▶ DATA EXCERPT
- Opening Delimiter -

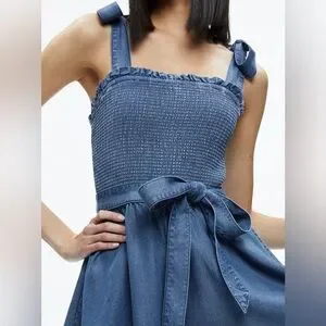 This cute and easy-to-wear romper is cast in a gorgeous shade of dark chambray with smocking at the chest, plus a loose short construction. The tie at the waist lends a feminine touch. Our blue romper is perfect for relaxed summer days.
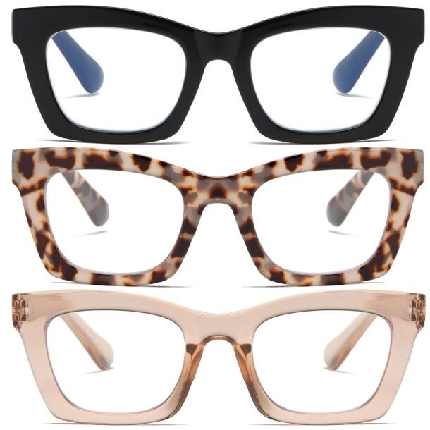 JM 3 Pack Occhiali da Lettura Quadrati, Lettore di Computer con Blocco...
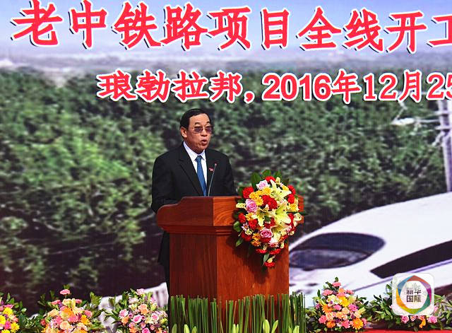 2016年12月25日,老中鐵路項目全線開工儀式在老撾瑯勃拉邦舉行,老撾公共工程與運輸部部長奔占·辛塔馮在開工儀式上致辭。(新華社發)
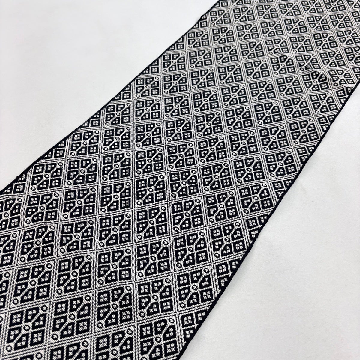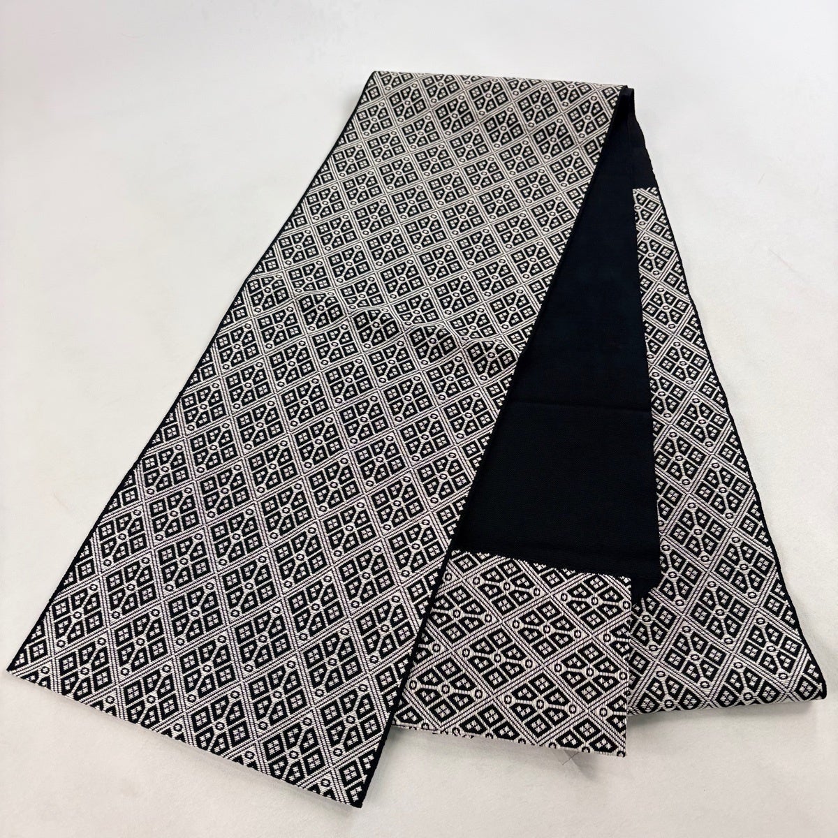【美品】 名古屋帯 逸品 松葉仕立て 八寸名古屋帯 菱 幾何学模様 黒 正絹

- Closing Delimiter -

▶ YOUR INSTRUCTIONS
Your copy should match the material above exactly, minus its pictures.

▶ PROBLEM SOLUTION
 This cute and easy-to-wear romper is cast in a gorgeous shade of dark chambray with smocking at the chest, plus a loose short construction. The tie at the waist lends a feminine touch. Our blue romper is perfect for relaxed summer days.
 JM 3 Pack Occhiali da Lettura Quadrati, Lettore di Computer con Blocco...
 2016年12月25日,老中鐵路項目全線開工儀式在老撾瑯勃拉邦舉行,老撾公共工程與運輸部部長奔占·辛塔馮在開工儀式上致辭。(新華社發)
【美品】 名古屋帯 逸品 松葉仕立て 八寸名古屋帯 菱 幾何学模様 黒 正絹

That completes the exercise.